Also on December 13, Hal Turner, a white nationalist radio host who has a history of spreading false claims and hoaxes, posted on his website that Northam had “allegedly ordered a small cadre of staffers to begin the process for determining how to cut off electricity, telephones/ FAXES, Cellular phones AND DATA, as well as the Internet, in areas where he plans to send Virginia National Guard Troops to forcibly seize guns when the Democrat legislature convenes in January.” Turner further claimed that the order “was allegedly given to a very small and trusted group of staffers, some of whom it turns out, do not agree (at all) with this idea.”
Over the next few days, the hoax spread on multiple Twitter accounts, Facebook pages, Instagram accounts, and multiple YouTube channels, some of which are proponents of the QAnon conspiracy theory. Users claimed Northam’s supposed response was “why the founding fathers put in the 2nd amendment,” calling for “patriots around the country” to “go after [these] anti-gunners with extreme prejudice,” and calling for “troops [to] remove this traitor from his position.” According to the tracking tool BuzzSumo, posts linking to the hoax article received more than 25,000 engagements on Facebook and Twitter combined.
Additionally, the hoax circulated throughout multiple message boards, including pro-gun forum AR15.com, where a user asked if there was “any truth” to the hoax and users said it could cause a “civil war.” Another message board that saw traffic on the hoax was the backup site for the subreddit “r/The_Donald,” where users called the “new rumor” a reason to “plan, act, purchase, train appropriately” and an “absolute necessary step to guarantee full scale revolution in the state ending in executions for all government officials.”
The hoax was also repeatedly mentioned on 4chan’s “/pol/” message board, where multiple users posted images of the headline or the text of Turner’s article and responded by writing that they were “glad to be fighting age” and urging others to “take care of this faggot” because “americans killed a president for much less.”
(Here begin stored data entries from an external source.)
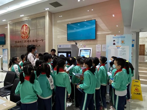 此外,同学们还在法官“老师”的指导下,亲自体验了现代化诉讼服务设施设备,并发出了“法院不仅有意思,而且很智能”的感叹。
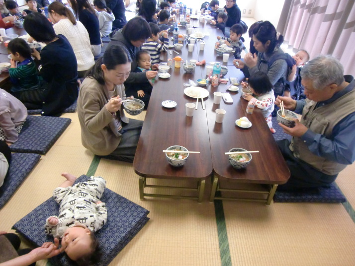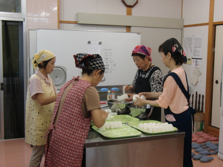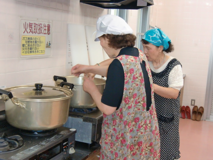 お話し会の後は、女性の会や民生委員の方々にだご汁とおにぎりを作って頂き、
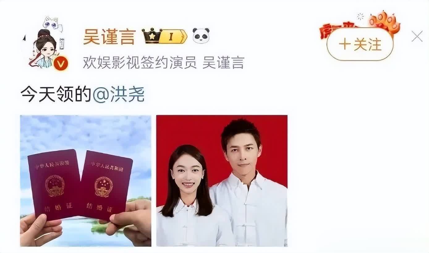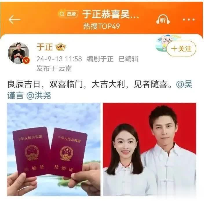 2024年9月13日,吴谨言和洪尧突然在微博晒出结婚证,官宣结婚。
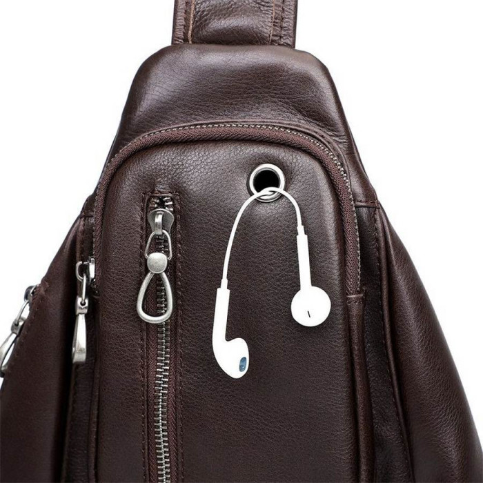 - У передній частині рюкзака є 4 кишені на блискавці та отвір для кабелю навушників.
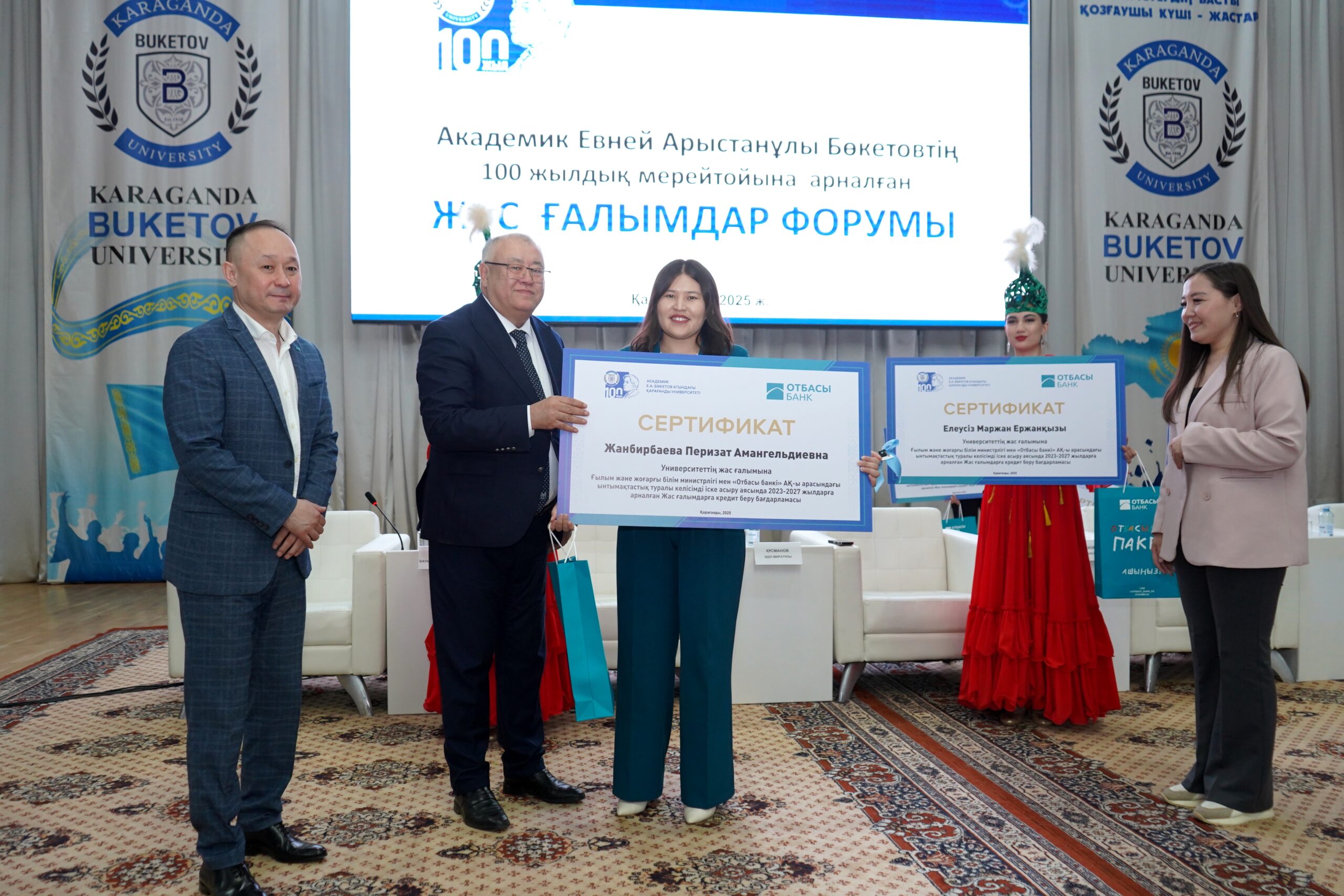 Торжественное вручение состоялось на Форуме молодых ученых, приуроченному к 100-летию со дня рождения Е.А.Букетова. В мероприятии принял участие Председатель Правления центра международных программ «Болашак» Адиль Кусманов.
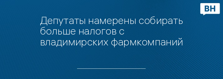 Депутаты намерены собирать больше налогов с владимирских фармкомпаний
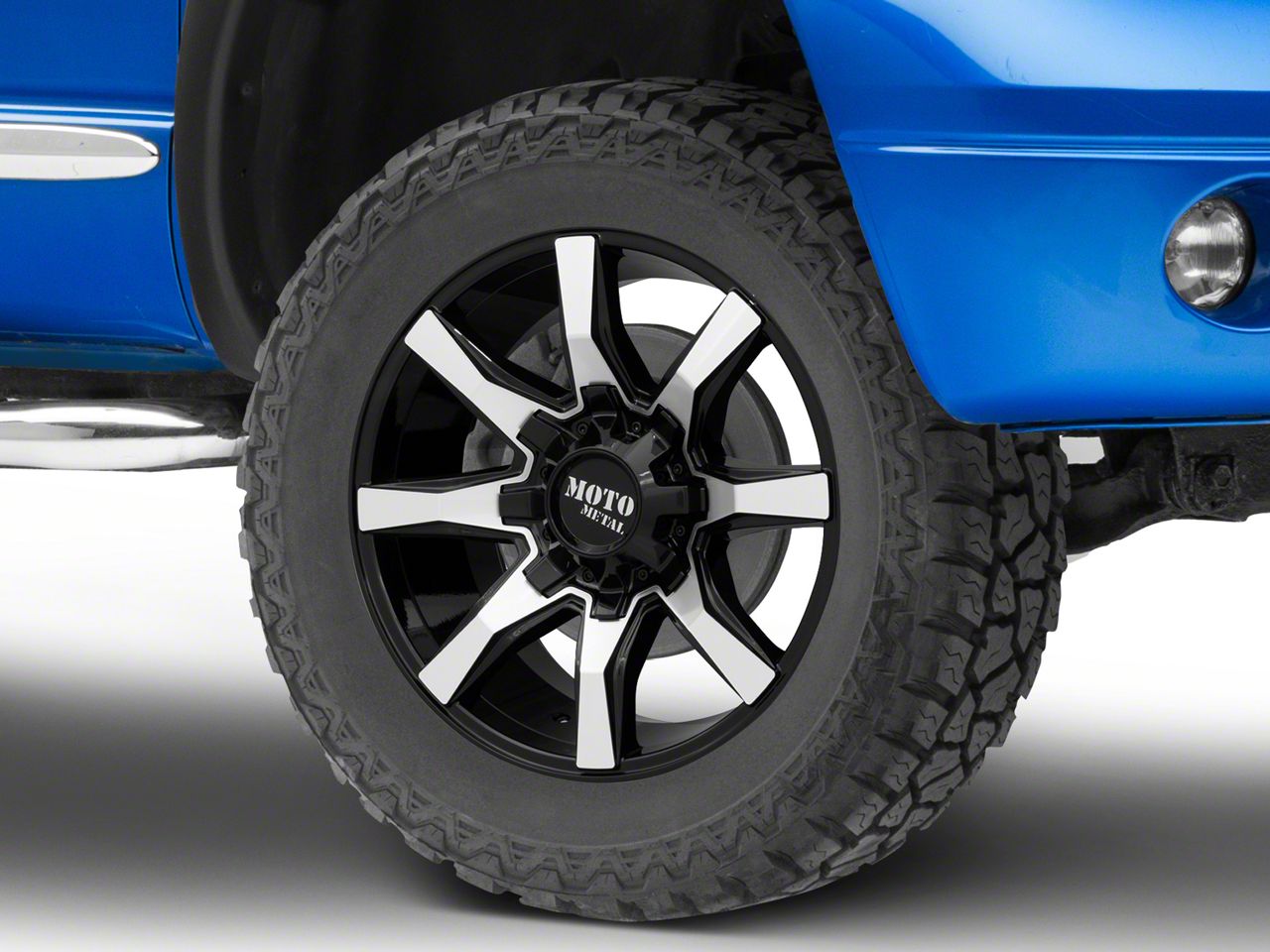 Moto Metal Spider Gloss Black Machined 8-Lug Wheel; 20x9; 18mm Offset: Redefine your vehicle's style with the Moto Metal Spider Gloss Black Machined 8-Lug Wheel. This wheel's elegant design and striking finish embody a blend of sophistication and boldness, perfectly complementing a wide array of vehicle aesthetics. Crafted from high-quality materials, it's a testament to durability and style.
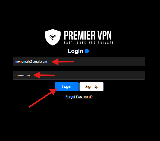 Ouvrez l'application PremierVPN, il vous demanderons de vous connecter.
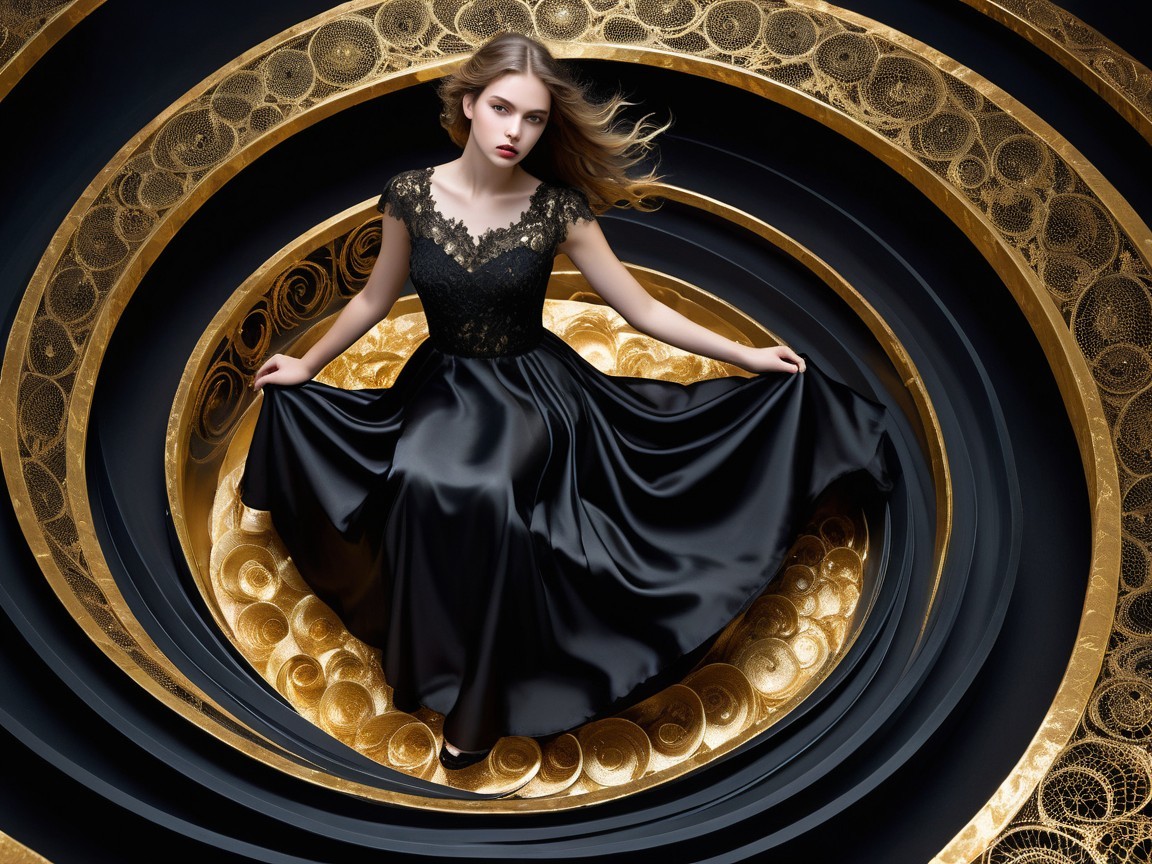 A woman in a flowing black gown sits gracefully on a circular gold-patterned surface. Her elegant dress and poised demeanor create a captivating and luxurious atmosphere.
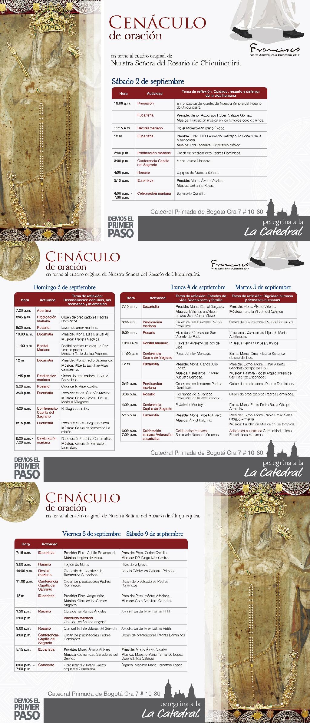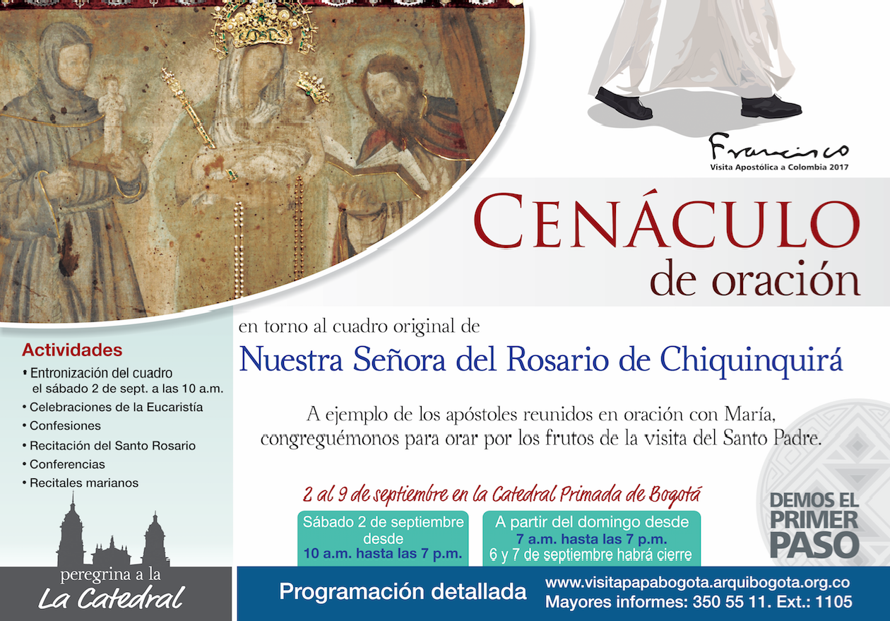 A continuación programación completa sobre cenáculo de oración entorno al cuadro original de Nuestra Señora del Rosario de Chinquinquirá:

By December 17, multiple white nationalist channels on Telegram were also posting the hoax, via text from Turner’s site or from another radio host and QAnon supporter, John B. Wells, who had cited Turner and posted the same text on his site on December 15. One of those Telegram channels was that of Paul Nehlen, a former congressional candidate who ran against former House Speaker Paul Ryan (R-WI) and who has openly expressed white nationalist views and issued calls to violence.